Code works, but it’s incredibly cumbersome and time consuming to build digital design directly in code. It stifles the Creative Process. And besides, the argument that we have to work in code just really doesn’t make sense. The real answer in digital design,is not code but intuitive and accessible visual tools, like it is and always has been in every Creative Software category.
Future of design tools — where are we headed?
So if everything’s so broken, what’s out there that could possibly change it? Where do we need to go?
Some believe that the answer is to put the features of all existing design apps (those built on top of print software), into just one products. In recent updates, numerous editors have added the Cloud and Prototyping features of their niche competitors.
Don’t get me wrong — these apps are a big step forward from what we used just a few years ago, but I believe we really should do something to ditch the ideas that were born more than 30 years ago. It’s time to leave all of this behind and build something that’s truly meant for the needs of digital design, leaving print design software from the 80’s in the past.
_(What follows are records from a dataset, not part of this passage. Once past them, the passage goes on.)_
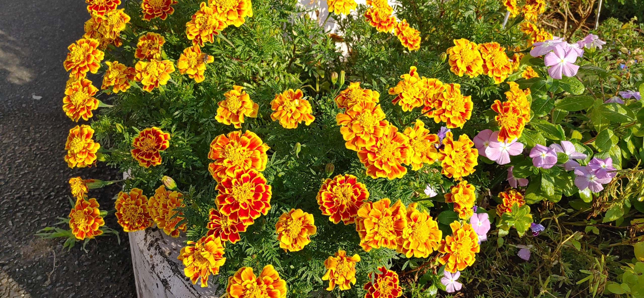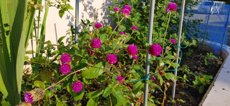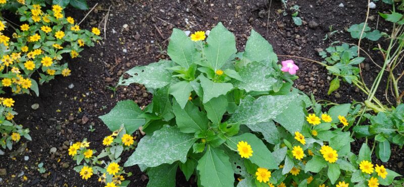 いたるところに、背が高く、葉が大きいメランポジウム。
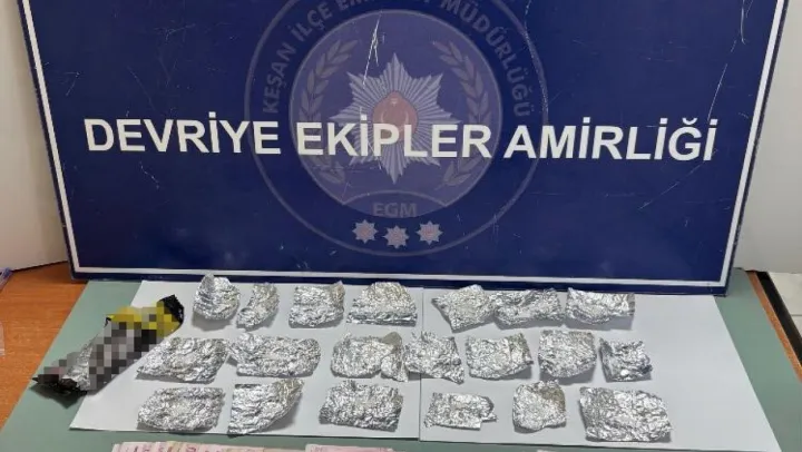 Alınan bilgiye göre, Keşan İlçe Emniyet Müdürlüğü ekipleri, Yeni Mescit Mahallesi Koru Sokak üzerinde durumundan şüphelendikleri A.Ö.'yü durdurdu. A.Ö.'nün üst aramasında, boş çikolata paketine saklanmış halde 20 adet alüminyum folyo içerisinde 3,45 gram uyuşturucu ile uyuşturucu satışından elde edildiği değerlendirilen 10 bin 400 TL ele geçirildi. Gözaltına alınan A.Ö. hakkında adli işlem başlatıldı.
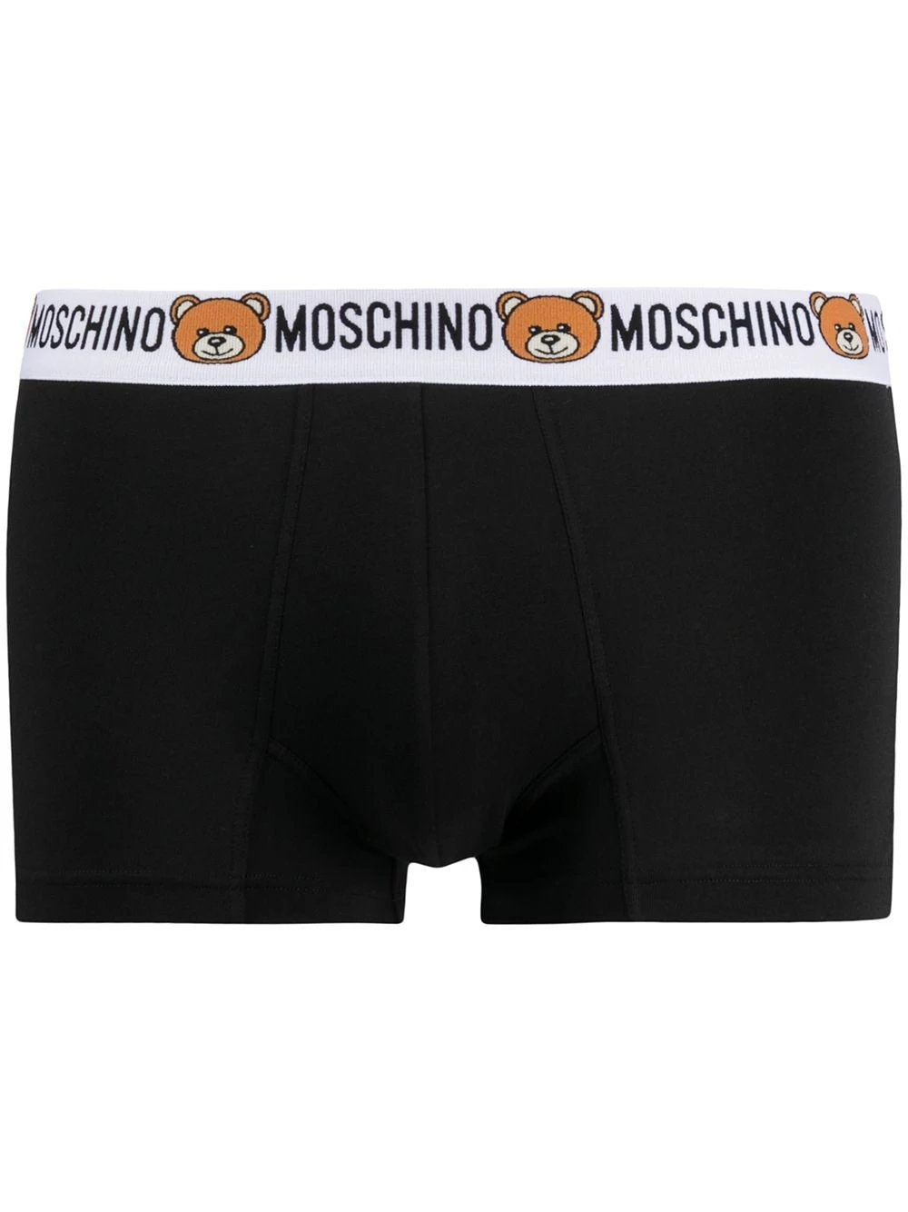 They say it’s what’s underneath that counts. So make sure you’re ready for when the moment arises and wear these black stretch cotton logo waistband boxer briefs from Moschino. You’ll thank us for it. Featuring a stretch fit and stitched panels. Underwear and lingerie must be tried on over your own garments.

No more fixed artboards or layouts, no more stateless elements, no more struggling with responsiveness or components systems that actually scale – we need a tool for creating responsive and adaptive designs.
In the last 30 years, the design tools have gone through quite a change, but not as much as they should have. Last decade should have been all about designing real digital interfaces with responsiveness, interactions, and all. Instead, we’ve been given nothing but hack upon hack layered on top of our parents’ print design software.
It’s well-past time for change. There’s no more time for waiting, let’s start working with tools for the digital design generation.
The good news is that it’s almost here.